• _Task goal_:
Using the data that follows, give again word for word the lines between the one holding "用一块搁板取代传统的床头柜,简洁利落,手机、眼镜、闹钟等等小物也有地方收纳。" and the one holding "<最短5日発送> 常陸牛 霜降りスライス", inclusive. Omit the pictures.

• _Entries shown_:
╭──
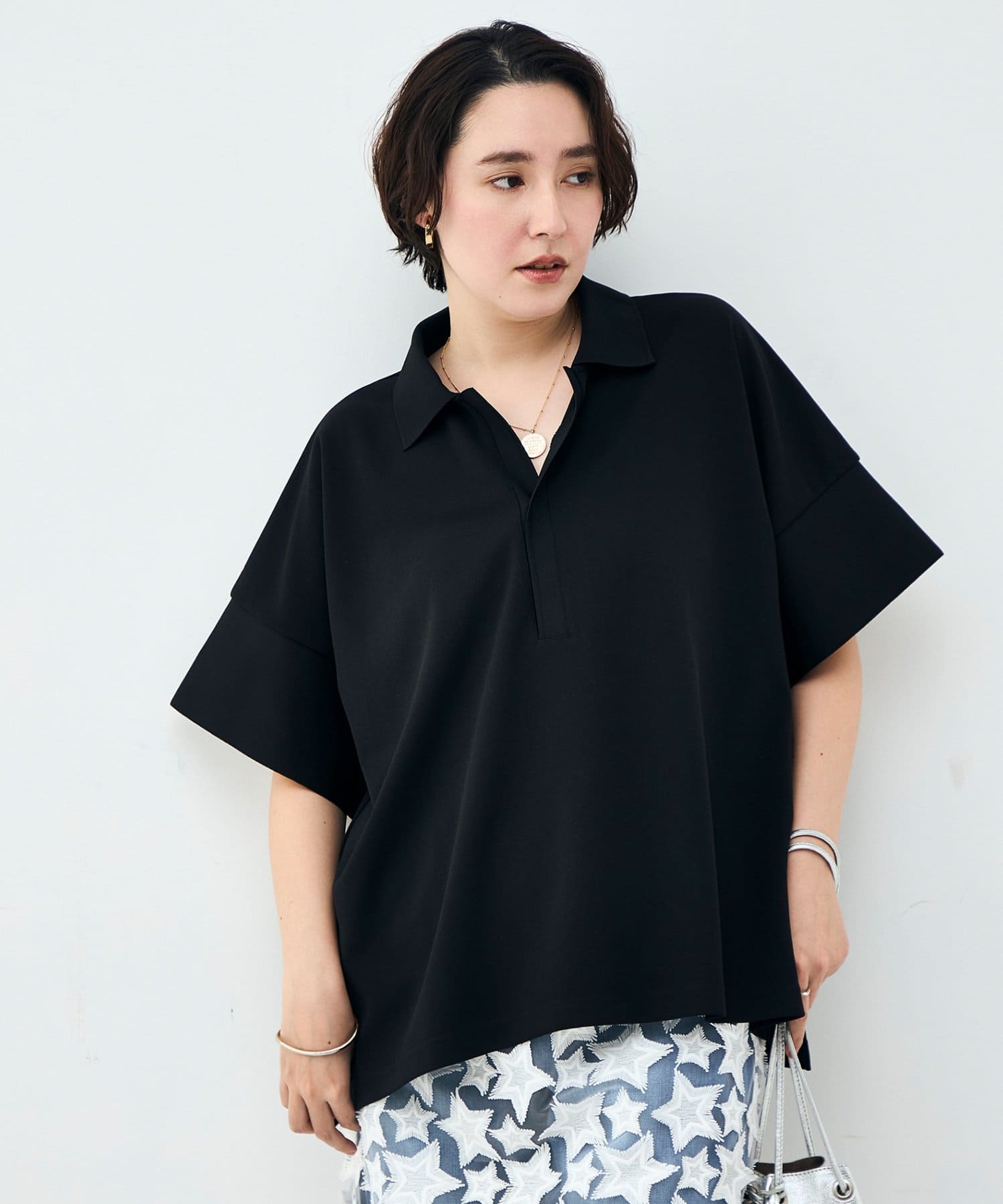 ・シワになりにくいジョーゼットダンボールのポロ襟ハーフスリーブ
╰──
╭──
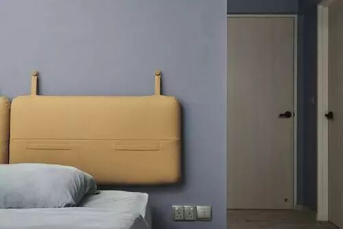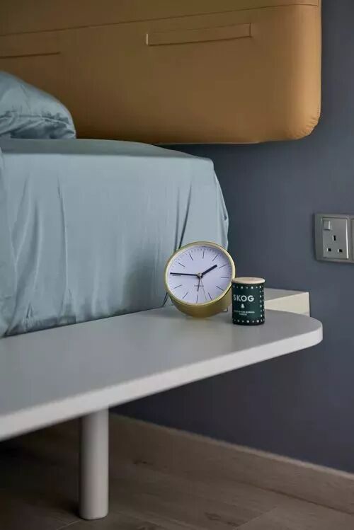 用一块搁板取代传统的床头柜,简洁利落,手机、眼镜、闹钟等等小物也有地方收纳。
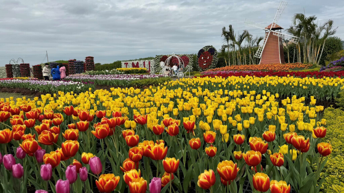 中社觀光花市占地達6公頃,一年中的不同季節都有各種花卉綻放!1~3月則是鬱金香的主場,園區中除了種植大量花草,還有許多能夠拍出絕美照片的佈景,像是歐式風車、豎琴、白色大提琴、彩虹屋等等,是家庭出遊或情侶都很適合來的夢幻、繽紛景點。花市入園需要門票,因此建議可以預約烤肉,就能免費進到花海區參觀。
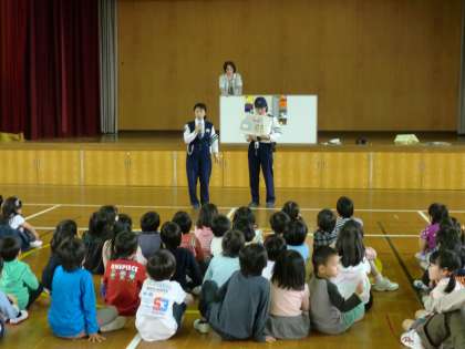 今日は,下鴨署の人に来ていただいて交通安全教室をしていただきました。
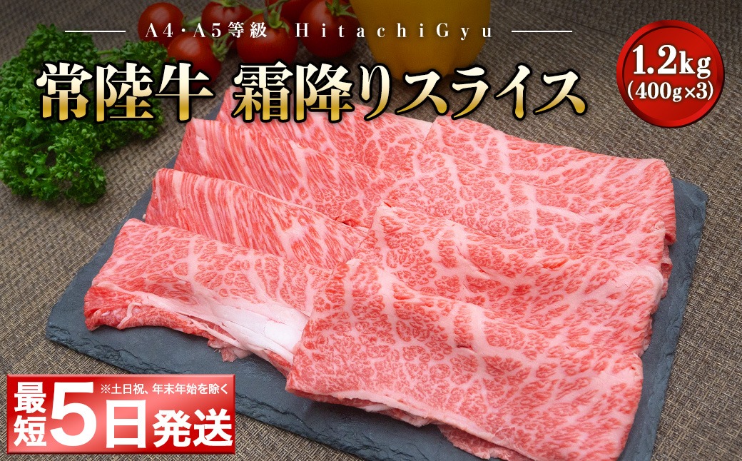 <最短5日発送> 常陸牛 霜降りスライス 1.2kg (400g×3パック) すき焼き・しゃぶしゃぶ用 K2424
╰──
• _Exercise response_:
 用一块搁板取代传统的床头柜,简洁利落,手机、眼镜、闹钟等等小物也有地方收纳。
 中社觀光花市占地達6公頃,一年中的不同季節都有各種花卉綻放!1~3月則是鬱金香的主場,園區中除了種植大量花草,還有許多能夠拍出絕美照片的佈景,像是歐式風車、豎琴、白色大提琴、彩虹屋等等,是家庭出遊或情侶都很適合來的夢幻、繽紛景點。花市入園需要門票,因此建議可以預約烤肉,就能免費進到花海區參觀。
 今日は,下鴨署の人に来ていただいて交通安全教室をしていただきました。
 <最短5日発送> 常陸牛 霜降りスライス 1.2kg (400g×3パック) すき焼き・しゃぶしゃぶ用 K2424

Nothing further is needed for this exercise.